8. The method for intelligently identifying risk points in water conservancy projects based on the Internet of Things according to claim 1 is characterized in that: The step of screening out the second water conservancy risk point in all the key monitoring areas based on the strength of the causal relationship includes: Setting any of the key monitoring areas as a regional node, setting directed edges based on the operation layout between the nodes, and connecting all the regional nodes using the directed edges to generate the causal relationship graph; Splitting the causal relationship graph into multiple sub-graphs based on a directed connection method, if the regional node corresponding to the first water conservancy risk point exists in the sub-graph, establishing a Bayesian network structure based on the sub-graph, and estimating the conditional probability distribution of the Bayesian network structure using the real-time monitoring data corresponding to the regional node in the sub-graph to generate the causal relationship strength; If the causal relationship strength is greater than a second preset value, the regional sub-node of the first water risk point in the sub-relationship graph is set as the second water risk point.

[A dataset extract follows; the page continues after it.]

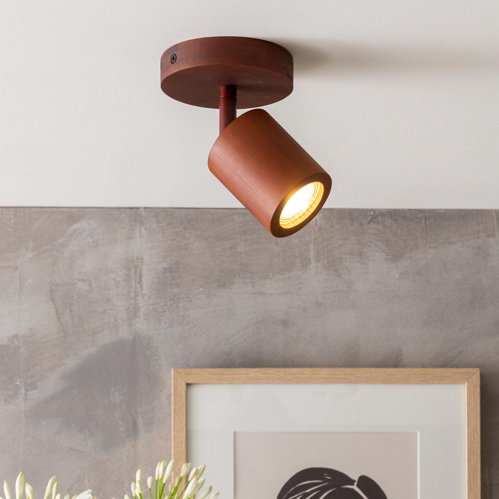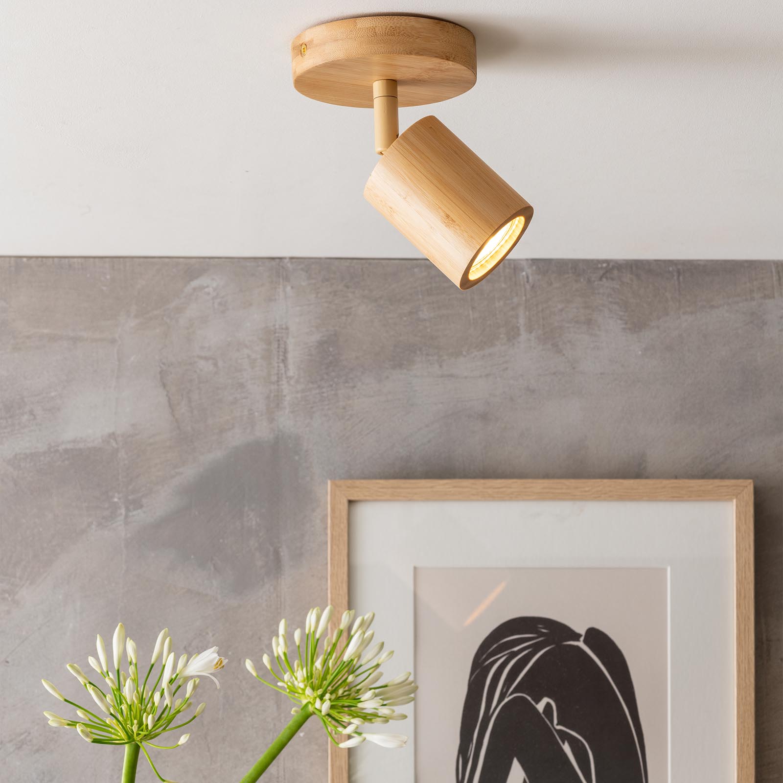 Dieser Röhren-Gelenk-Deckenstrahler (aus naturbelassenem oder schwarz bzw. rot lackiertem Bambusholz) ist flexibel einstellbar dank eines Drehgelenks am Auslegerarm und eines Knickgelenks an der Strahlerröhre.
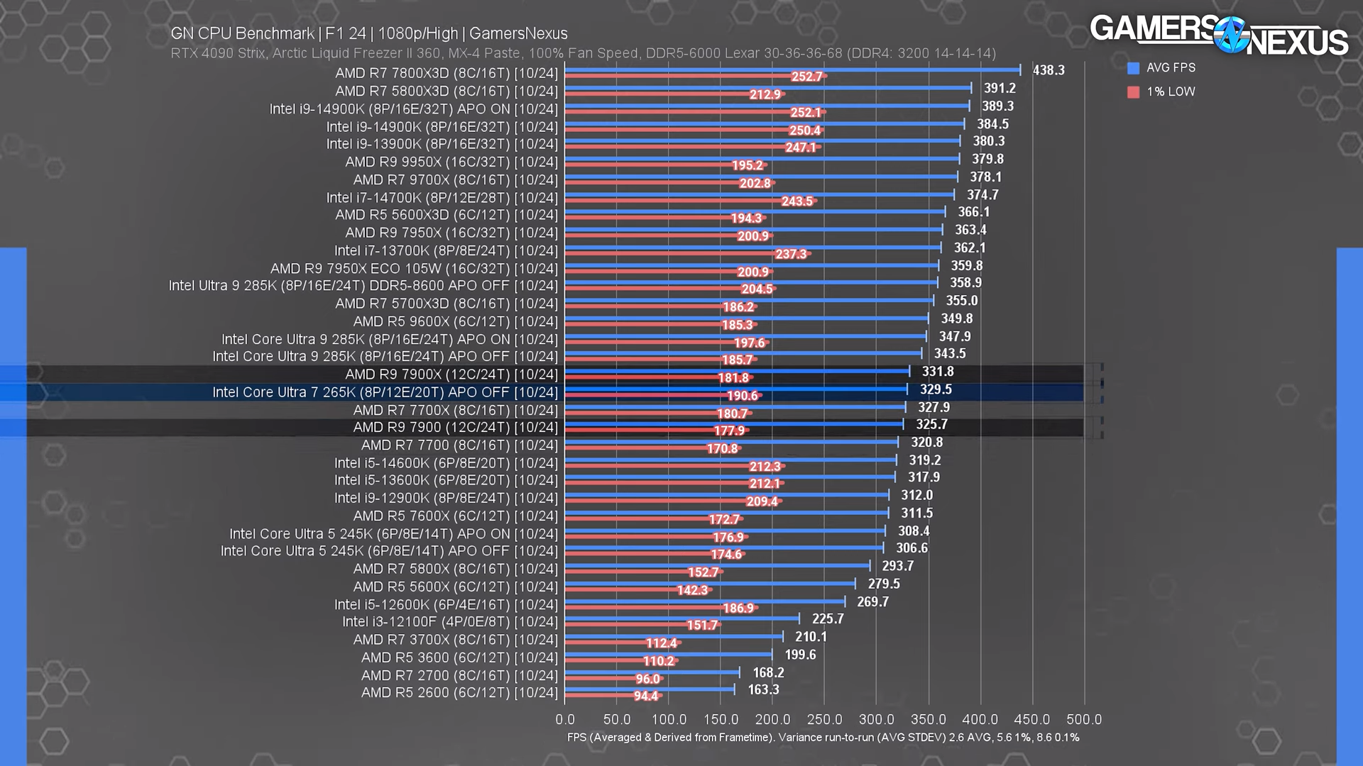 Core Ultra 7 265K также разочаровал по показателю эффективности, демонстрируя меньшее количество кадров на ватт по сравнению с процессорами AMD последних трёх поколений.

9. An intelligent identification system for water conservancy project risk points based on the Internet of Things, characterized by: The IoT-based intelligent identification system for water conservancy project risk points includes: a data transmission module, configured to obtain a regional distribution map of the water conservancy project, deploy a plurality of sensors in key monitoring areas of the water conservancy project based on the regional distribution map, wherein the sensors collect sensor monitoring data based on a preset collection method and transmit the sensor monitoring data to an Internet of Things gateway, wherein the Internet of Things gateway pre-processes the received sensor monitoring data and classifies and stores the sensor monitoring data in a cloud server based on the key monitoring areas and sensor types; a risk identification module, configured to set the sensor monitoring data contained in any key monitoring area as data to be analyzed, extract data features related to water conservancy project risk factors from the data to be analyzed, annotate existing risk point data based on the data features, construct a risk identification model based on the annotated data features, and deploy the risk identification model to the cloud server; A risk prediction module is configured to receive real-time monitoring data of any of the key monitoring areas from the cloud server, output risk identification data based on the real-time monitoring data from the risk identification model, perform time series modeling on all of the risk identification data to generate a risk prediction model, output a risk factor change result for any of the key monitoring areas within a prediction time, and screen out a first water conservancy risk point from all of the key monitoring areas based on the risk factor change result; A summary module is used to construct a causal relationship diagram for all the key monitoring areas based on the regional distribution map, quantify the causal relationship strength in the causal relationship diagram based on the correlation of the water conservancy project risk factors, screen out the second water conservancy risk point in all the key monitoring areas based on the causal relationship strength, summarize the first water conservancy risk point and the second water conservancy risk point based on the water conservancy project risk factors, and generate a risk point list.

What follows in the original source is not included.